It is that time of year when the Master Gardener information phone starts to ring off the hook. Homeowners who have centipede grass in their yards realize that there is something wrong with the grass. It is dying in places, usually in a circular pattern.

Centipede, as well as the other three warm season grasses, is susceptible to a disease referred to as “large patch.” It is a difficult disease to control and can usually only be controlled in late August through October.

Matt Martin, area turf specialist with N.C. State University, has prepared an informational article on the cause and corrective actions concerning large patch. This article will be in two parts:

Large patch is one of the most damaging diseases of warm-season turfgrasses in North Carolina. In turfgrass, it is caused by the fungus Rhizoctonia solani. All commonly cultivated turfgrasses in North Carolina are affected by this disease, but differences in susceptibility exist within the cultivars of the various turfgrass species. 

In warm season turfgrass, St. Augustine, zoysiagrass, and centipedegrass are most susceptible to this disease, while common and hybrid bermudagrass is rarely damaged. Certain species of Rhizoctonia are capable of attacking turfgrass plants from seedling stage to mature plants and are pathogenic over a wide range of environmental conditions. 

Large patch is a soil born disease that will survive from year to year in soil surrounding areas that have been affected by the disease. The disease is present in almost all warm season turf everywhere. However, when conditions for the disease are favorable for development, the environment and the turfgrass health depend on whether it spreads into a pest problem for the turfgrass.

Symptoms

Large patch symptoms vary, depending primarily on turfgrass species and mowing height. Generally, the disease will begin in the late summer when soil temperatures begin to fall below 70 degrees. This will begin in southeastern North Carolina in August and September. 

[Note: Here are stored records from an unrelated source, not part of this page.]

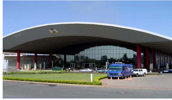
INTERNATIONAL CONFERENCE CENTRE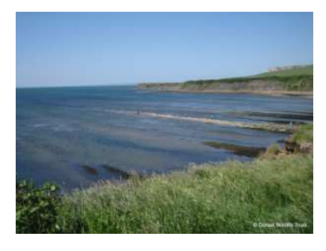
Looking SW from the cliffs at the back of Kimmeridge Bay, the rocky ledges are clearly visible.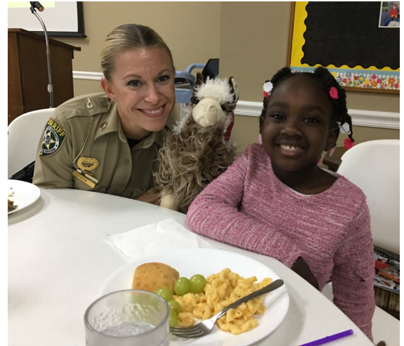
Church Safety Officer from Floyd County Sheriff's Office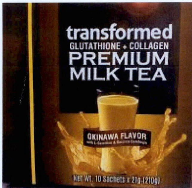
Figure 4. Unregistered TRANSFORMED Glutathione + Collagen Premium Milk Tea Okinawa Flavor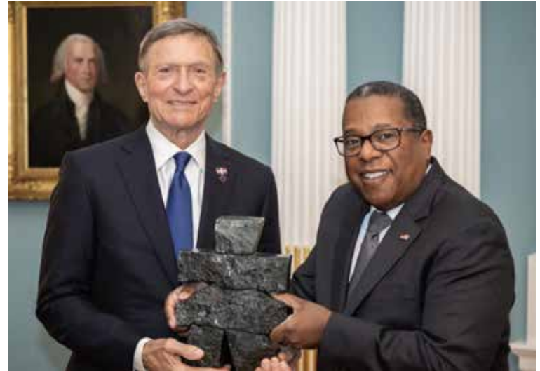
Dominican Foreign Minister Roberto Álvarez (left) and Assistant Secretary of State of the United States Brian Nichols.

The Dominican Republic is the second Ca-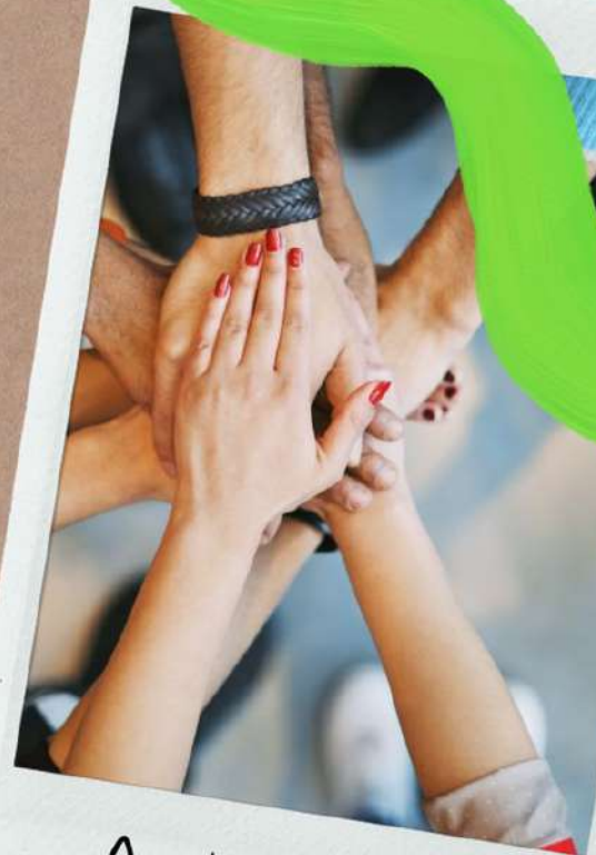
Academic Third Mission

The project TENACITY (ACADEMIC THIRD MISSION: community Engagement for a knowledge based society) is an Erasmus Cooperation partnership in higher education which involves 9 partners from 7 different countries. The project addresses the Erasmus Plus Horizontal priority for "Common values, civic engagement and participation" with Academic Third Mission becomes a strategic area to promote fruitful collaboration between academia and society.

Disease activity and development will continue throughout the fall until the turfgrass goes into dormancy. At this point, the disease loses the green leaf tissue needed for continued damage. However, the disease will remain in the thatch and soil areas that have been affected and will, given the right environmental conditions, continue to damage the turfgrass in the spring after green-up. The degree of turfgrass injury depends largely on susceptibility of the cultivar, management practices and weather condition.

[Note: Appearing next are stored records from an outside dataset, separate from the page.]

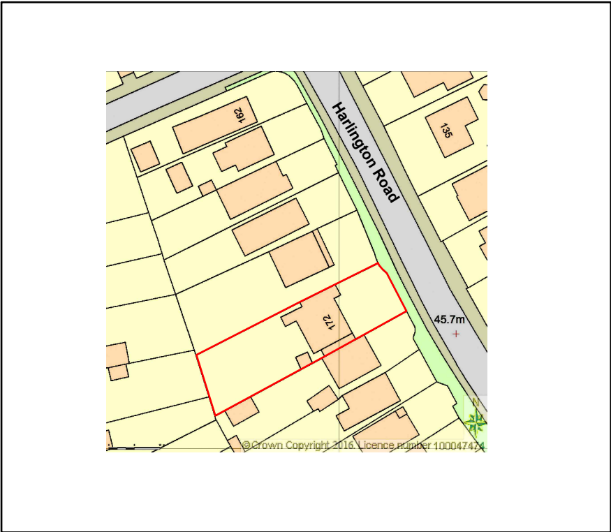
Location Plan@ 1:1250

Single Storey Rear Extension, Conversion of garage into habitable room along with Change of Use to Sui-Generis (HMO)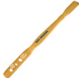
G'pa Backscratcher - $1.75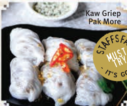
Kaw Griep Pak More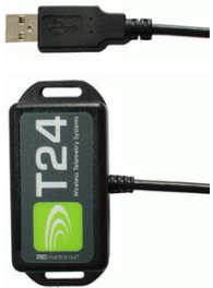
T24-BSu Wireless USB connected base station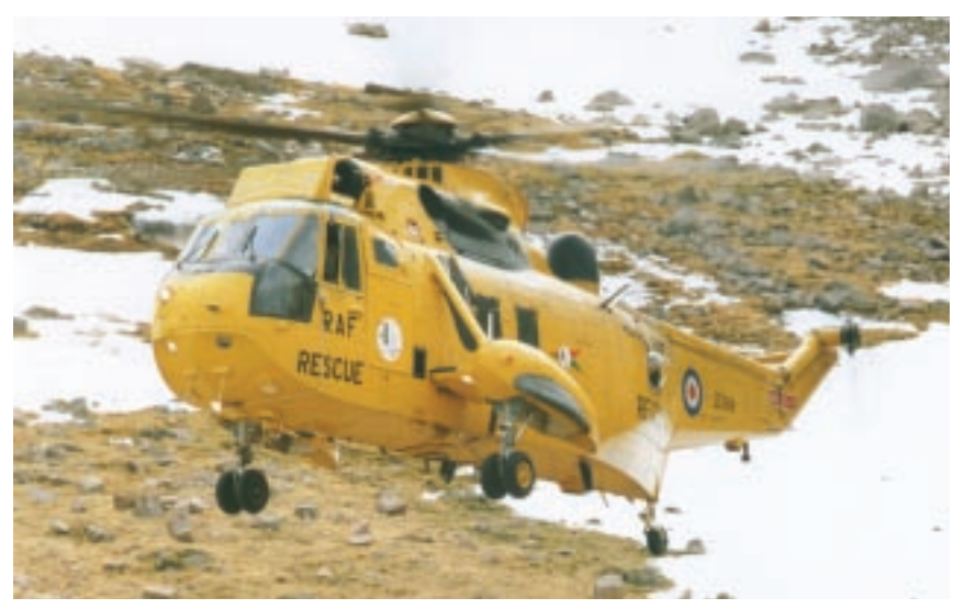
Search and Rescue Sea King

The RAF also supports the efforts of HM Coastguard and The Royal National Lifeboat Institute in rescues at sea by making available search and rescue (SAR) Sea King helicopters. The primary role of these aircraft is the rescue of downed aircrew but they are well known for their civilian rescue work both on land and at sea. RAF Mountain Rescue Teams and SAR helicopters are also called in to assist with rescues of lost and injured walkers and climbers. Another role of the Mountain Rescue Teams is to provide crash guards at the sites of military aircraft accidents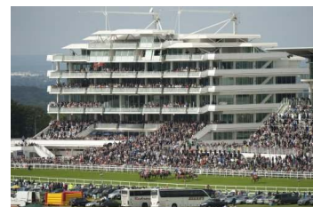
Epsom Downs

You may wonder why I have not visited many racecourses in the UK. I have never been to the world-famous Ascot, and never to the most important jumps tracks, Cheltenham and Aintree. England is the motherland of racing and not far from Germany, but I do not really like it for a few reasons. Cont. p9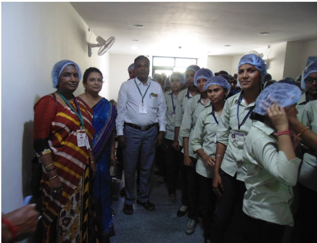
Teaching staff of Department of Microbiology along with Students of B. Sc.-II year (SEM III) Microbiology at Dinshaw's Ice cream factory, Butibori, Nagpur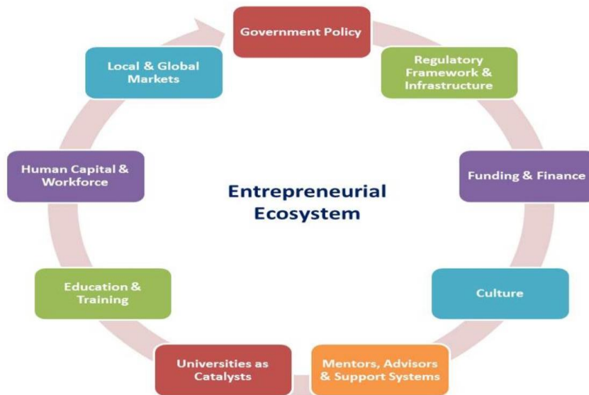
Fig.1: Entrepreneurial Ecosystem

As in the social entrepreneurship is an important concept in today's life and it has most attention in all sensible levels of system as well as theoretically. It has different ways of explanation in all sensible areas. It is important for achieving goals in all enterprises due to their recent activities and performance in the social entrepreneurship area and also it covers all business related activities multidimensional. There are always given a mission in any enterprises for making economic growth of company and for this it lies on lots of stress for completing task to achieve goals. The principles of execution in the term of business management is important for achieving a goals in the social enterprises for money growth and it is also important to solve social issues in this entrepreneurship. These issues can be solve by utilization of now innovations in the product of services as well as in new economic markets.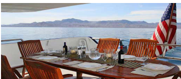
Aft Deck Master Suite

Learn more: Take a tour of the Northern Song - www.YachtAlaska.com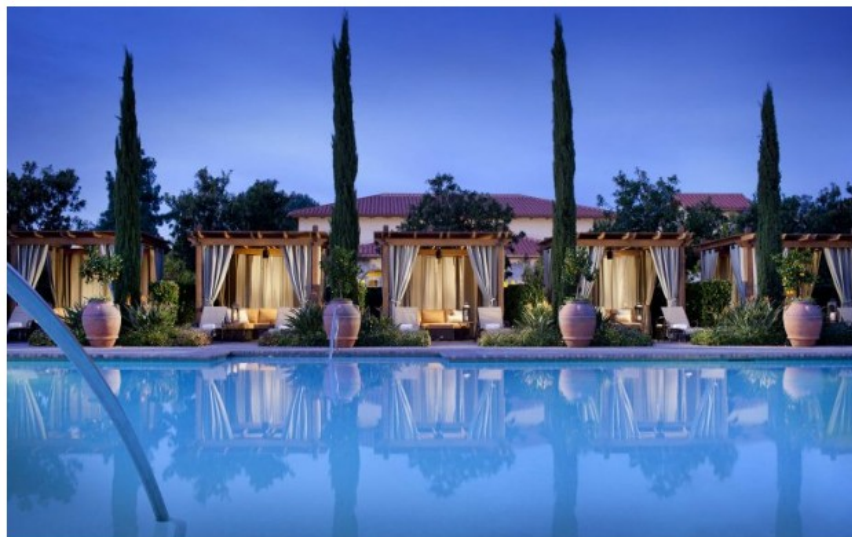
Spa Pool Cabanas

For starters, the rooms have a cozy feel with charming character. Wood-beamed ceilings, warm interiors and shutters that open up to a private balcony make this somewhere to curl up with a cup of coffee while taking in the towering trees and rolling green hills. While the hotel has a boutique feel, it has all the amenities of a large resort so you get the best of both worlds.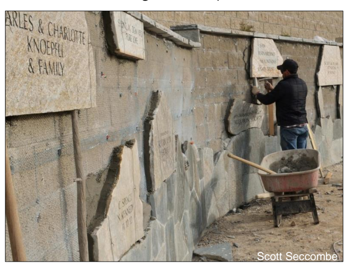
A stonemason starts the first phase of the donor wall Largest stones and lettering are available at $5000 each

It is a fitting tribute to this inspirational site (the last of its kind in Lake Arrowhead) to dedicate the best donor wall in all of Southern California. Donations will be used to help finish critical restoration projects that will make the site a first class outdoor gathering place and a historic landmark of Lake Arrowhead's original scenic splendor.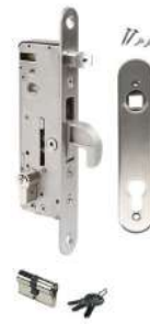
Lock & cylinder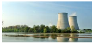
Nuclear access control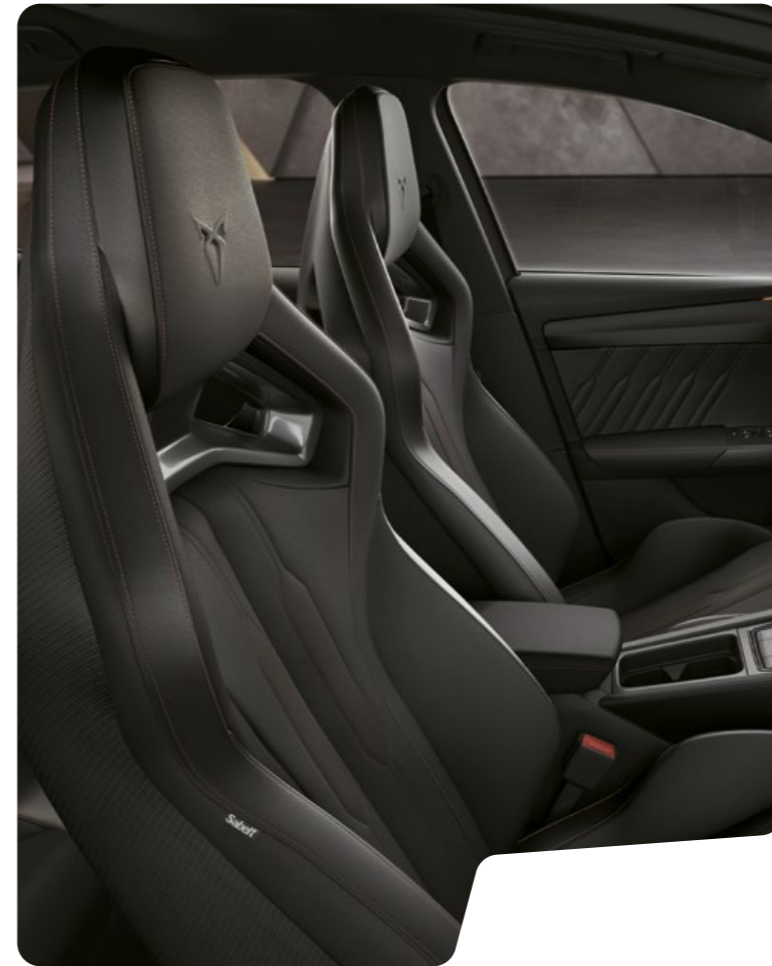
← GENUINE BLACK LEATHER CUP BUCKET 1 VZ CUP

CUPRA Leon L CUPRA Leon VZ VZ CUPRA Leon VZ CUP VZ CUP

Large patch first appears in lawns as small, circular, brown areas several inches in diameter, which quickly increase to 3-6 feet across. These areas often grow together, forming irregular patches of brown, blighted turf up to 20 feet in diameter. 

The foliage of high-cut St. Augustinegrass or centipedegrass turf often wilts and collapses, giving the blighted patches a sunken appearance. Damaged turf usually recovers when conditions no longer favor the spread of disease. Regrowth of the turf usually starts in the center of the blighted area, forming a rung or frog-eyed pattern. 

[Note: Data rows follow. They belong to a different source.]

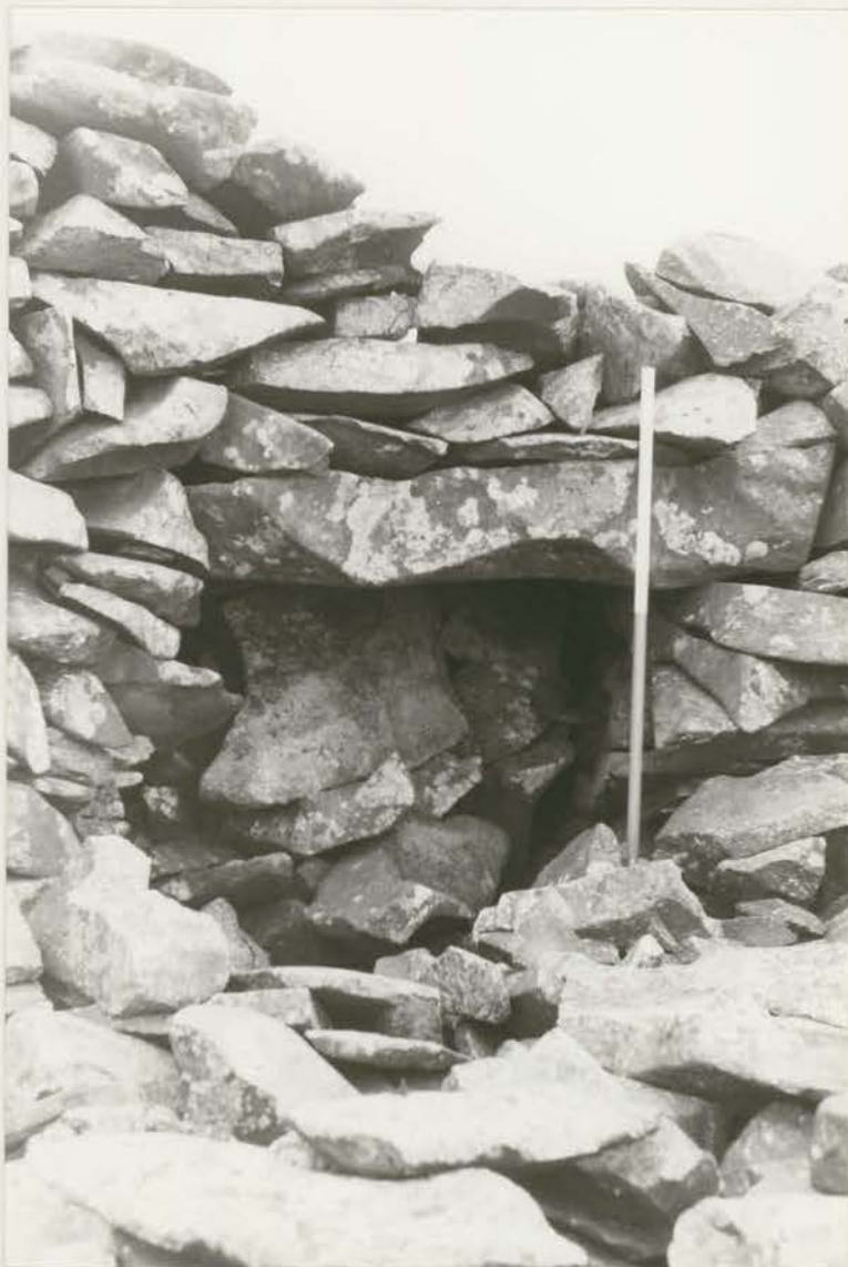
Plate 96. N postern, outer end before conservation in 1989, looking S (G1022/008/08A).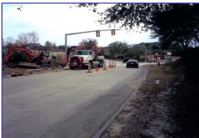
Near PS382, trucks are used to ensure proper care is taken by the contractor when by-pass pumping started on the existing lift station.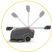
Folding handle for storage and transport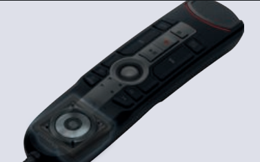
Closed Loudspeaker Chassis generates good sound quality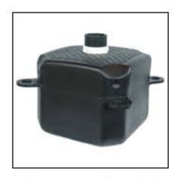
Tide Manager Stand-Alone System (#K011) A set of Machined cubes and tide manager poles, used to moor a Jet Dock where no existing structure exists.

Weeds frequently invade turf damaged by large patch. Damage to individual grass plants is usually confined to foliage. Leaves attacked by the large patch fungus, Rhizoctonia solani, first become water-soaked and wilted, finally turning brown. On broad-leafed turfgrasses like St. Augustinegrass, distinct tan-colored leaf spots surrounded by a water-soaked margin are sometimes seen. 

Green plants with the affected turf have grayish-colored leaf spots that are long, irregularly shaped and surrounded by a dark brown margin. If the crowns or stolons are invaded, large areas of turf may be killed.

Factors favoring large patch

Large Patch can develop when air temperatures are between 50-86 degrees and soil temperatures fall below 70 degrees. The disease usually develops on lawns during periods of wet, overcast weather in early spring or fall. Damage is often heaviest after several days of showers with temperatures of 60-70 degrees.

Poorly drained soils, thick thatch and night irrigation lengthen the period of leaf wetness and promote greater infection. High levels of nitrogen and low levels of phosphorous or potassium may contribute to increased disease severity. Mowing with a dull mower blade damages leaf blade tips and causes excessive wounding that enhances infection through those frayed blade tips.

Send your gardening questions or comments to: Brunswick County Master Gardener Column, P.O. Box 109, Bolivia, NC 28422, or call 253-2610. Enclose a self-addressed stamped envelope if requesting information or a reply. Answers may be printed in this column.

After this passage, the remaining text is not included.